United States Provides Food to Djiboutians Affected by Drought

Officials gather in Djibouti to mark the food aid ceremony.
Officials gather in Djibouti to mark the food aid ceremony.

For Immediate Release

Thursday, June 21, 2012

The U.S. Government has donated food aid to benefit rural Djiboutians who have been affected by the chronic drought in this arid country. The $2.5 million worth food contribution will be distributed by the World Food Programme (WFP).  This donation is in response to the Djibouti government's drought appeal and will benefit approximately 70,000 rural residents during the current dry season. 

The food donation consisted of 800 metric tons of wheat flour, 590 metric tons of sorghum, 128.5 metric tons of pulses, 100 metric tons of vegetable oil, and 139.5 metric tons of wheat soya blend. 

The handover ceremony was attended by the U.S. Embassy, Djibouti Charge, Paul Pometto; Acting USAID Representative, Mark Mitchell; the Executive Secretary of Djibouti National Assistance Office for Refugees and Disaster Stricken People; Mr. Ibrahim Soubaneh; and Mr. Mario Touchette, the WFP representative of WFP.

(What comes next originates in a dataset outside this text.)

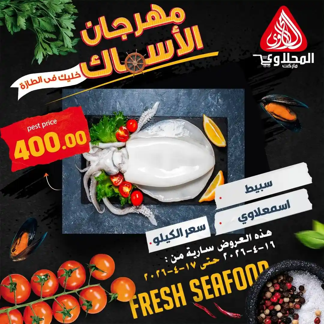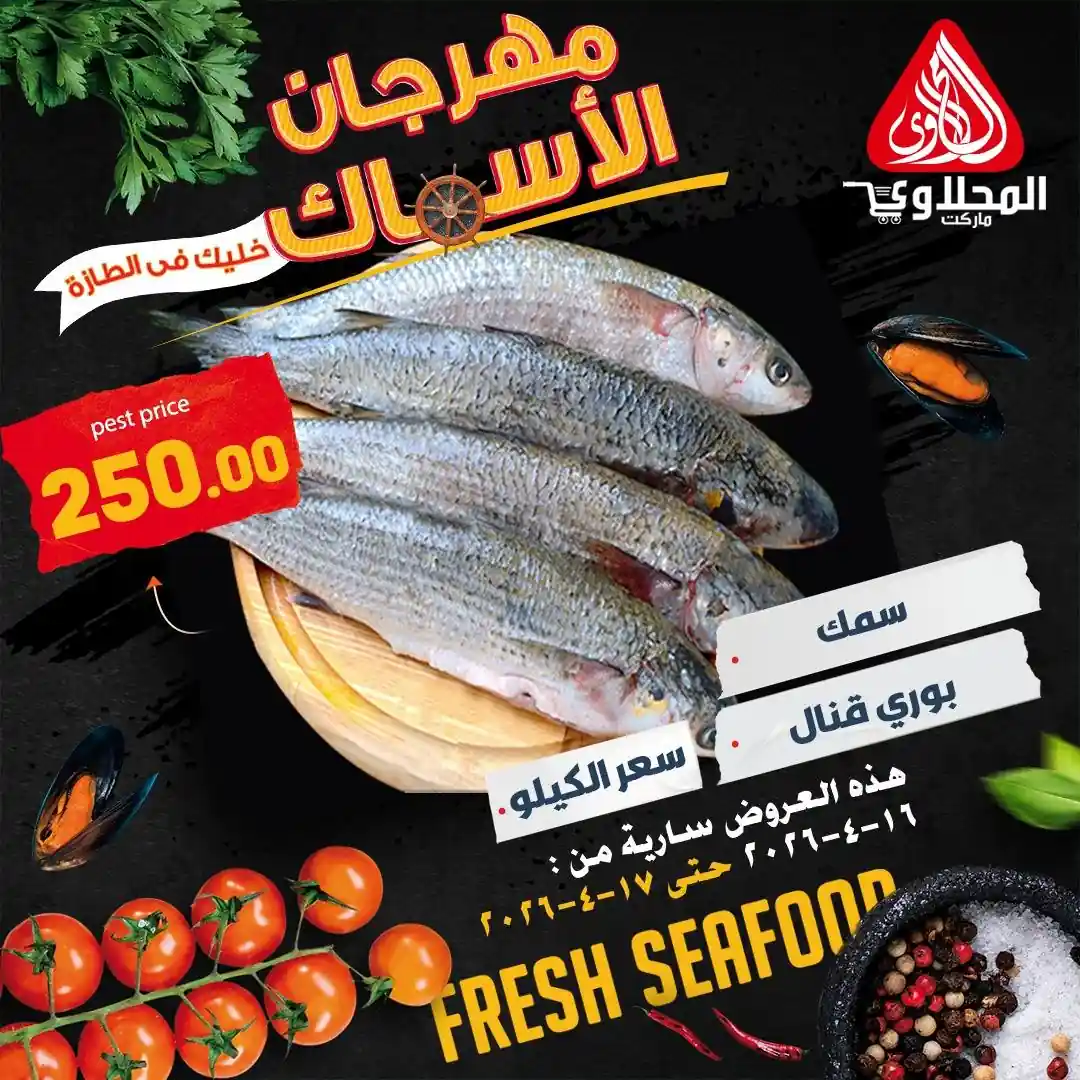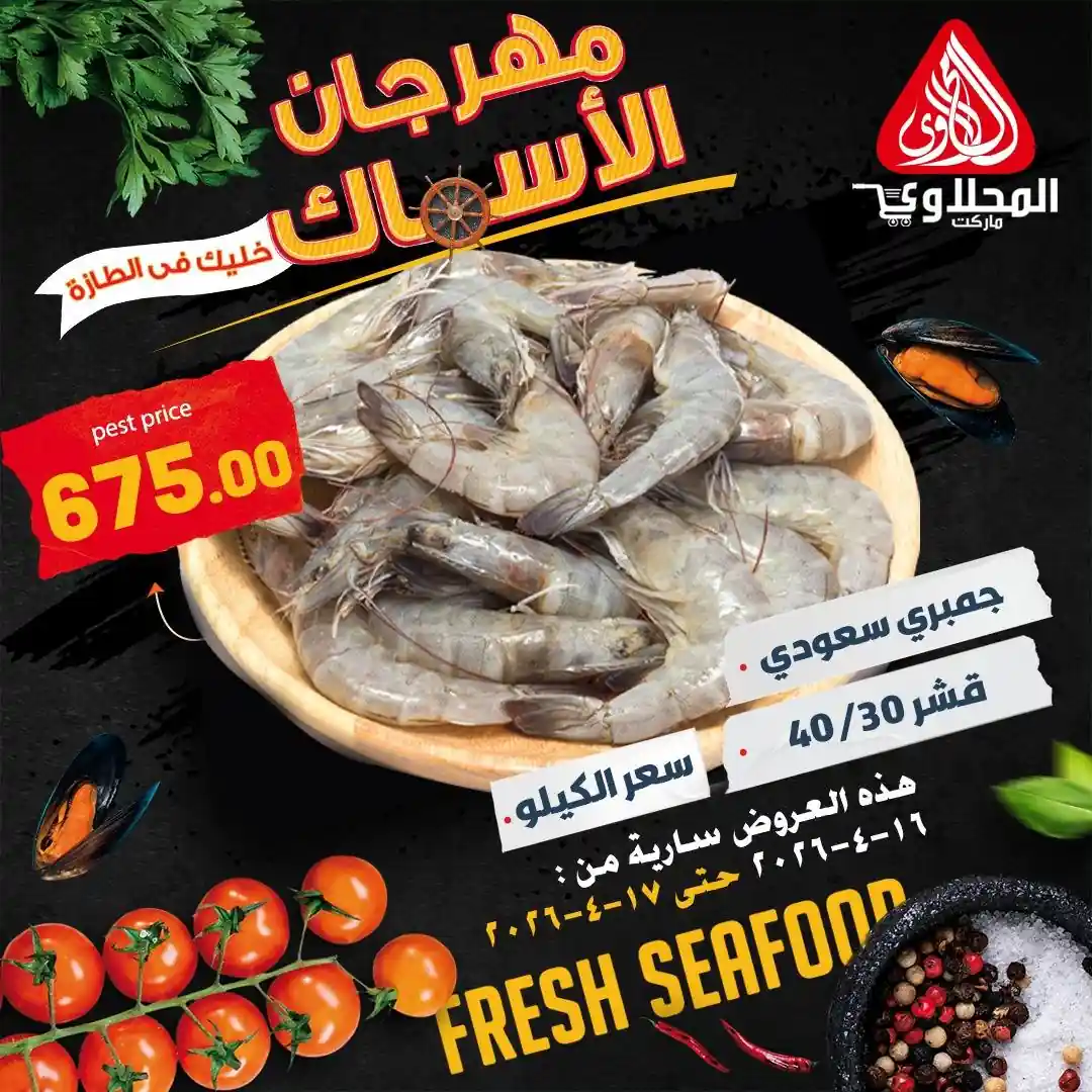 عروض و خصومات كبيرة متاحة الان فى المحلاوى ماركت اليوم باقوى الخصومات لفترة محدودة 16 ابريل و 17 ابريل 2026 فى كل فروع المحلاوى ماركت

Over the past six years, USAID has assisted an average of 70,000 rural citizens each year with $15.1 million in food aid.  The U.S. Government works closely with the Government of Djibouti to address food insecurity in a number of ways.  From 2006 to 2011, USAID helped reduce the fatality rate of severely malnourished children from 20% to 0.2%.  In addition, USAID funds the Famine Early Warning System, FEWSNET, which monitors the food situation in the country and alerts the Government of Djibouti and the donor community when there is greater food insecurity.